EXERCISE DETAILS :: When you copy the material below, keep every line exact and omit the pictures.

EXERCISE DATA ::
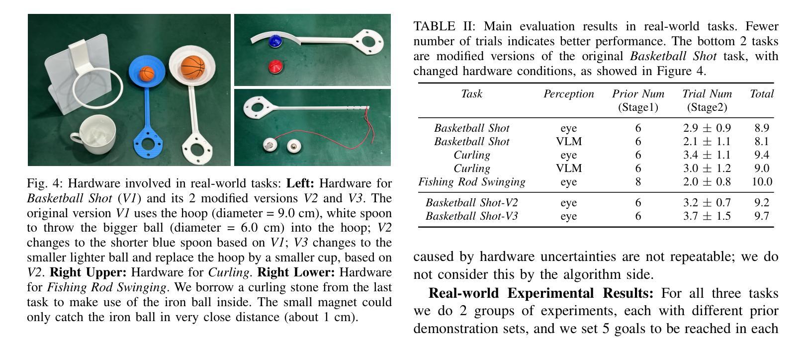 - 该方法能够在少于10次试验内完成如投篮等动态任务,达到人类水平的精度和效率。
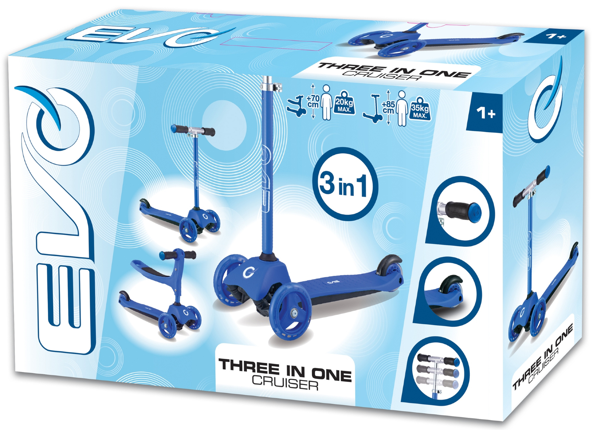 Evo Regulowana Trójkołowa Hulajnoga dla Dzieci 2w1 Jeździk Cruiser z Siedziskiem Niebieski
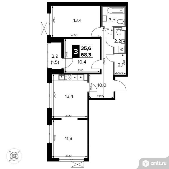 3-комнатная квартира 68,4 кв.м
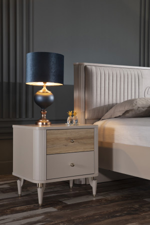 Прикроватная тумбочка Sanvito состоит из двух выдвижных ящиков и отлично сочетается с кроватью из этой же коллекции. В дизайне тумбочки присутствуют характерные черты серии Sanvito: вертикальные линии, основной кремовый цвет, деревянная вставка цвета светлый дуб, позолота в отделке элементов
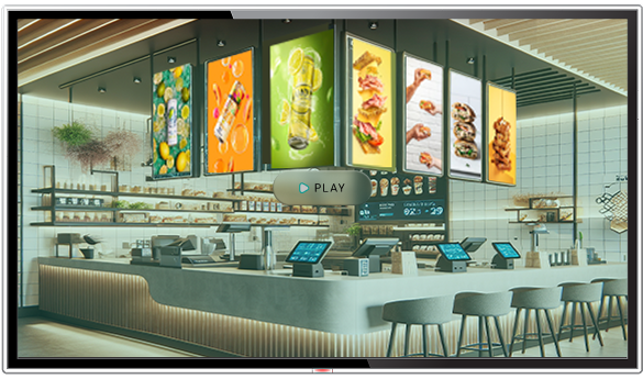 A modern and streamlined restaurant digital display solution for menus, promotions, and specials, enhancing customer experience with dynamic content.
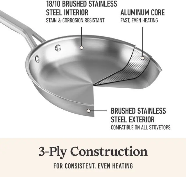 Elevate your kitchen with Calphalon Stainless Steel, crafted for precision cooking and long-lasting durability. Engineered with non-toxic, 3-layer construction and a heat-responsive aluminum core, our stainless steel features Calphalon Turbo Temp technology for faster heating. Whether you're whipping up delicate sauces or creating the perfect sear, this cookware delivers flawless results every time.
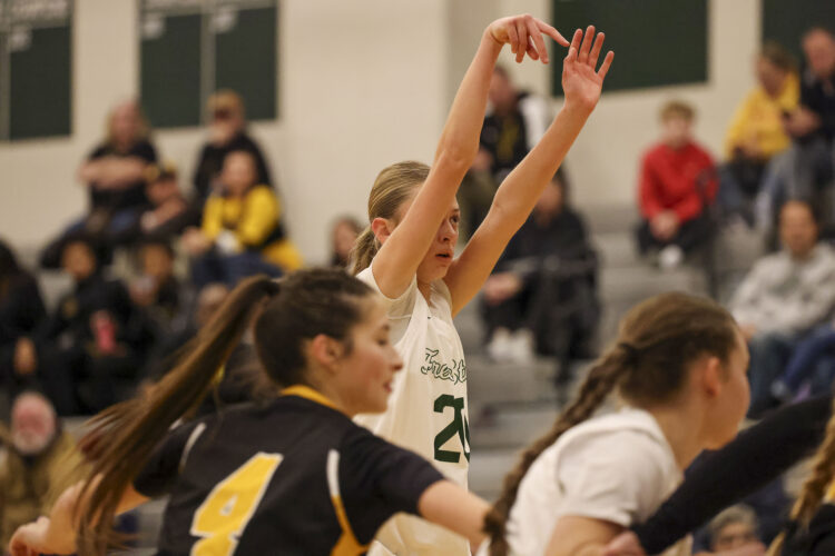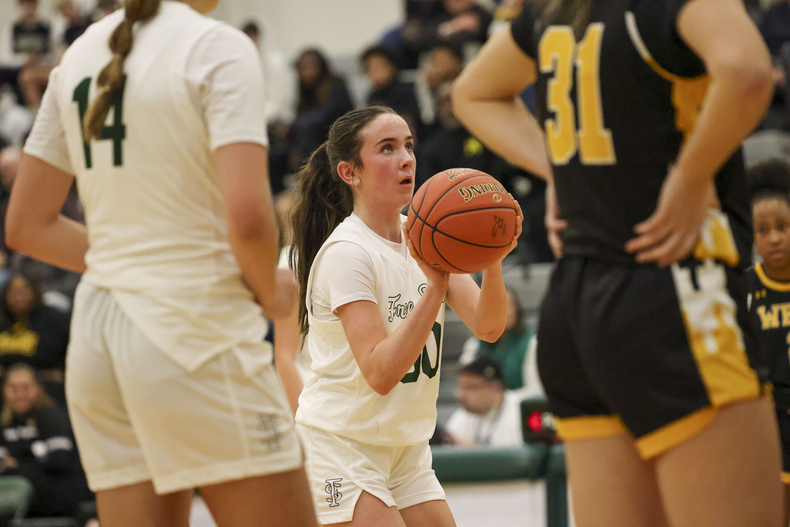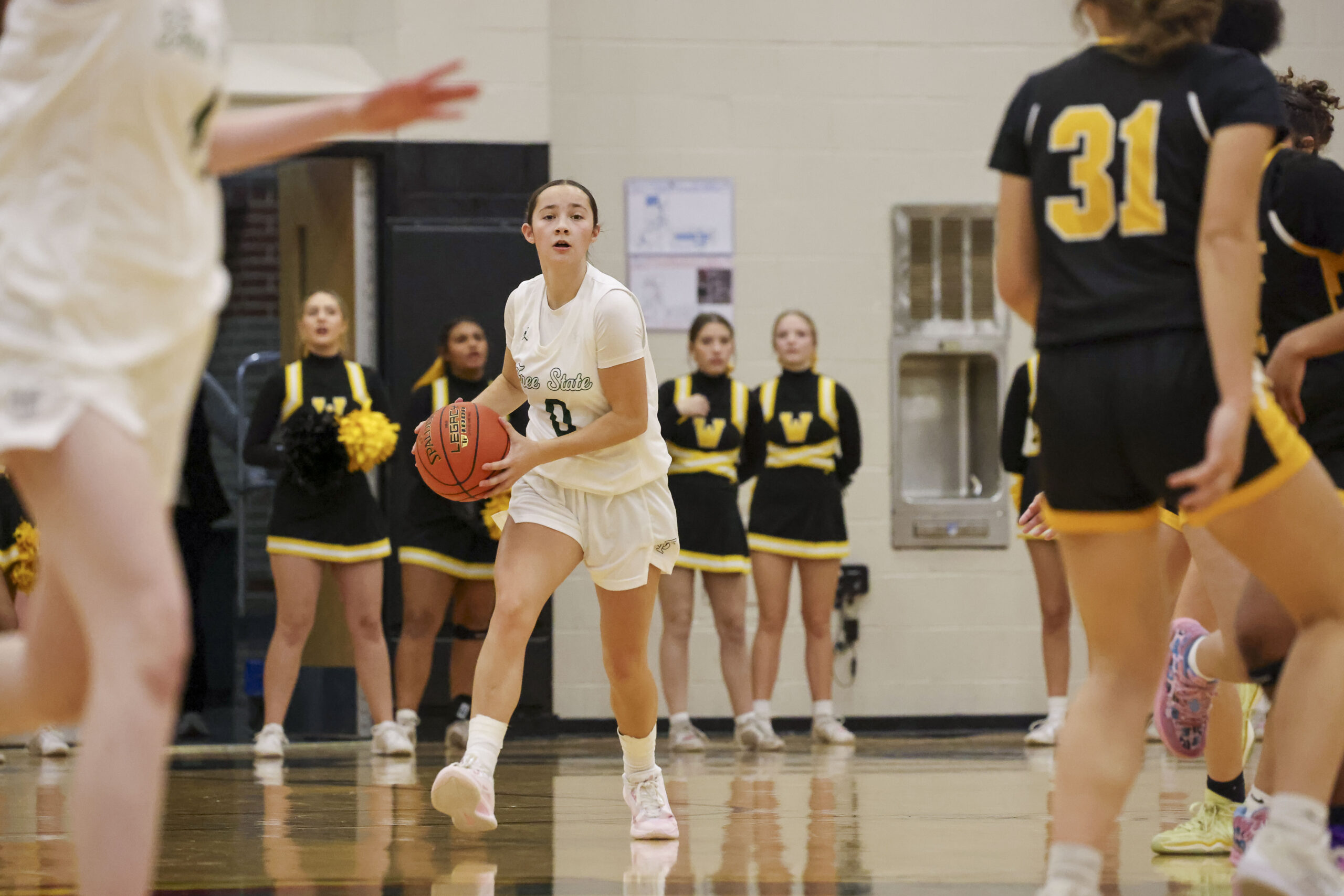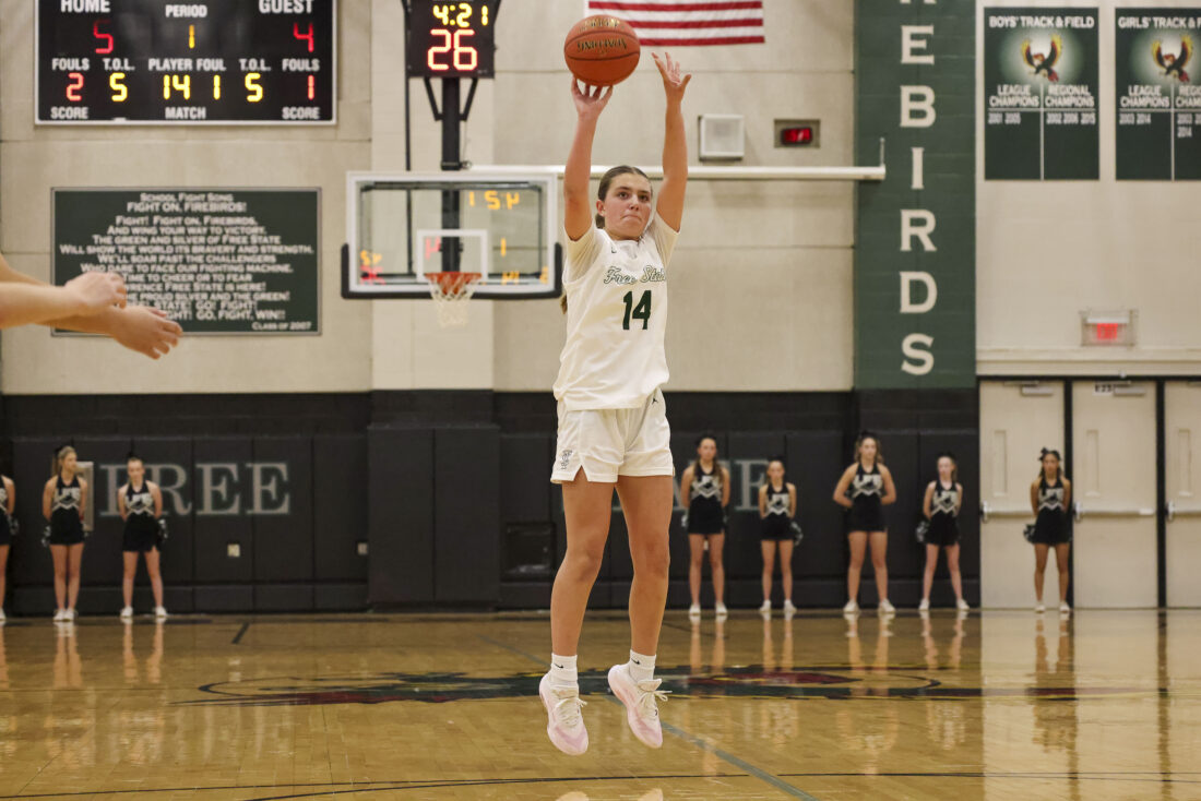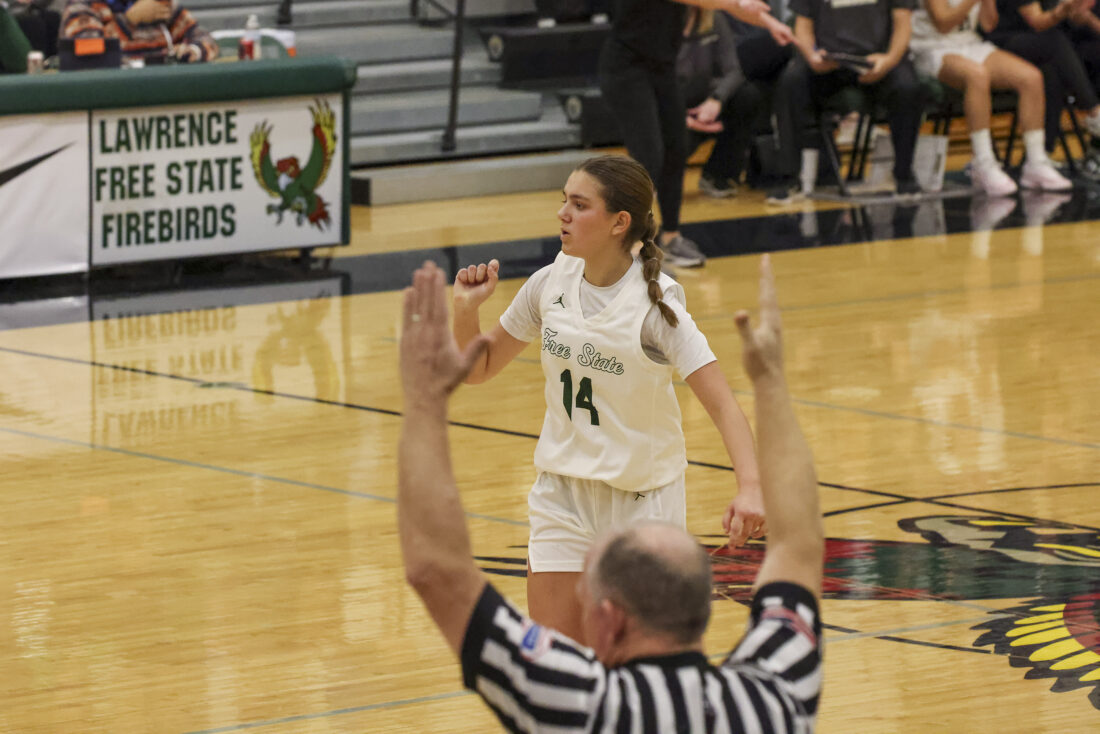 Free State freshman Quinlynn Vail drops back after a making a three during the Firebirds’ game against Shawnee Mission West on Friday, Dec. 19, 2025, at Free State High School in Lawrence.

ANSWER FOR THE TASK ::
 - 该方法能够在少于10次试验内完成如投篮等动态任务,达到人类水平的精度和效率。
 Evo Regulowana Trójkołowa Hulajnoga dla Dzieci 2w1 Jeździk Cruiser z Siedziskiem Niebieski
 3-комнатная квартира 68,4 кв.м
 Прикроватная тумбочка Sanvito состоит из двух выдвижных ящиков и отлично сочетается с кроватью из этой же коллекции. В дизайне тумбочки присутствуют характерные черты серии Sanvito: вертикальные линии, основной кремовый цвет, деревянная вставка цвета светлый дуб, позолота в отделке элементов
 A modern and streamlined restaurant digital display solution for menus, promotions, and specials, enhancing customer experience with dynamic content.
 Elevate your kitchen with Calphalon Stainless Steel, crafted for precision cooking and long-lasting durability. Engineered with non-toxic, 3-layer construction and a heat-responsive aluminum core, our stainless steel features Calphalon Turbo Temp technology for faster heating. Whether you're whipping up delicate sauces or creating the perfect sear, this cookware delivers flawless results every time.
 Free State freshman Quinlynn Vail drops back after a making a three during the Firebirds’ game against Shawnee Mission West on Friday, Dec. 19, 2025, at Free State High School in Lawrence.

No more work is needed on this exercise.